Moreover, Sunlight acknowledges that its estimates apply only at the federal level, though in its summary list of the results for the 200 companies it includes links to the state and local subsidy totals my colleagues and I at Good Jobs First have assembled in our Subsidy Tracker database.

On the other hand, one could take issue with the way in which Sunlight calculates some of the categories of federal support. For loan and loan guarantee programs, for example, it apparently uses the face value of the funding, whereas the actual cost (except in cases of default) is much lower. It would have been helpful if Sunlight had listed the totals derived from each form of assistance; it is not always clear which numbers it used in the underlying spreadsheets it makes available.

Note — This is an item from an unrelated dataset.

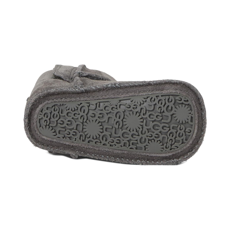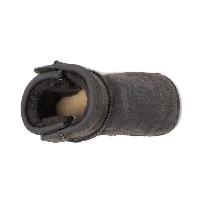 - Pick these UGG Kids Classic boots are ideal to walk on the snow during chilly winters. The round toe boots have hook and loop closure strap. The shoes are made of cow suede upper, 10 mm UGGplush upcycled lyocell wool lining, and footbed.
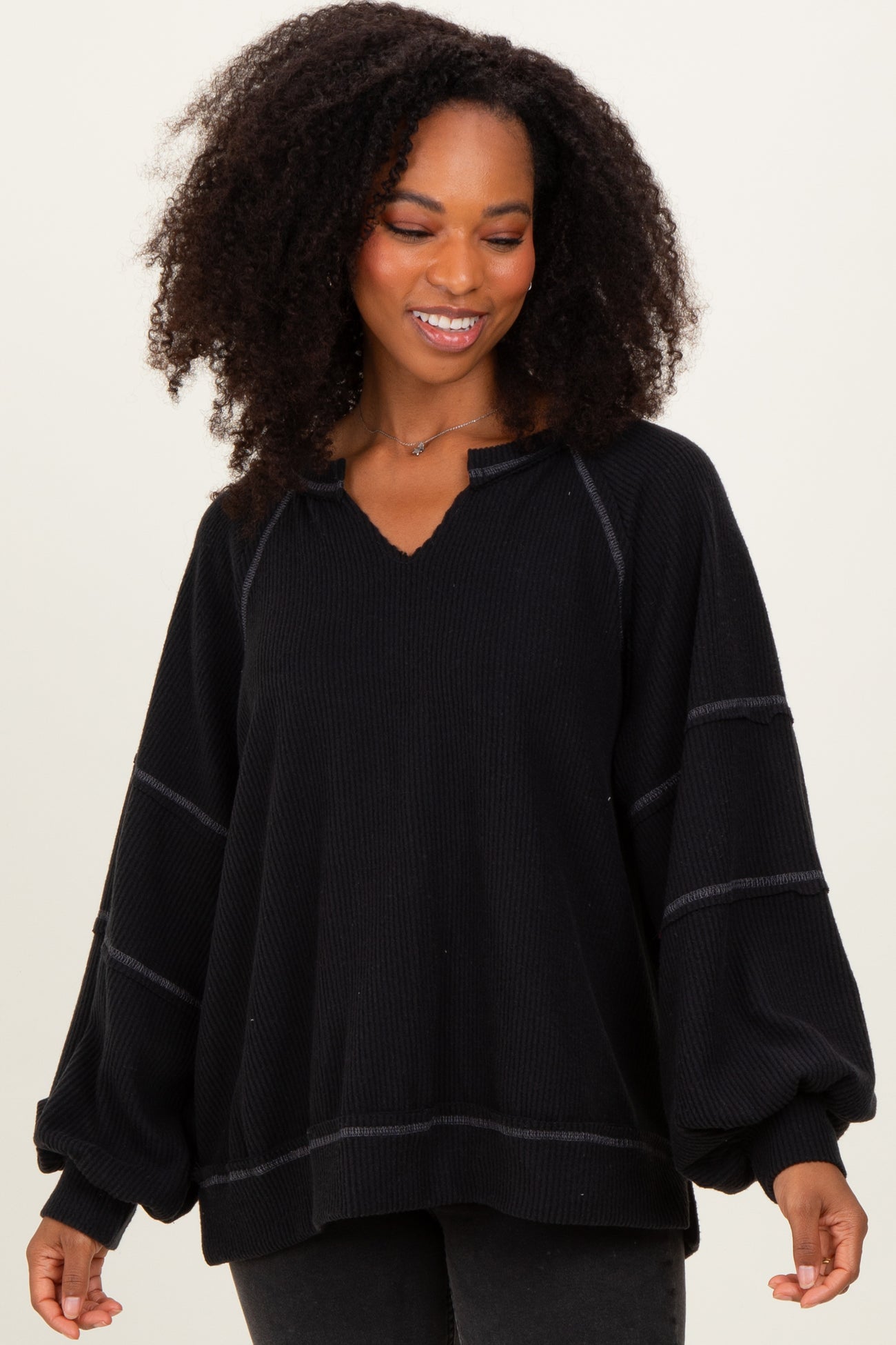 Black Solid Rib Long Sleeve V-Neck Oversized Tunic Top

Despite these quibbles, Sunlight has performed a great service in documenting the extent to which the federal government functions as a giant ATM for corporate America. We at Good Jobs First will soon be contributing to this effort by extending Subsidy Tracker to the federal level. We’ve been gathering data on many of the same programs examined by Sunlight, plus others, and we will be including entries for all companies, both large and small.

Let’s hope that as more light is shined on the ways government benefits corporations, we can shame elected officials into remembering who it is they are supposed to be serving.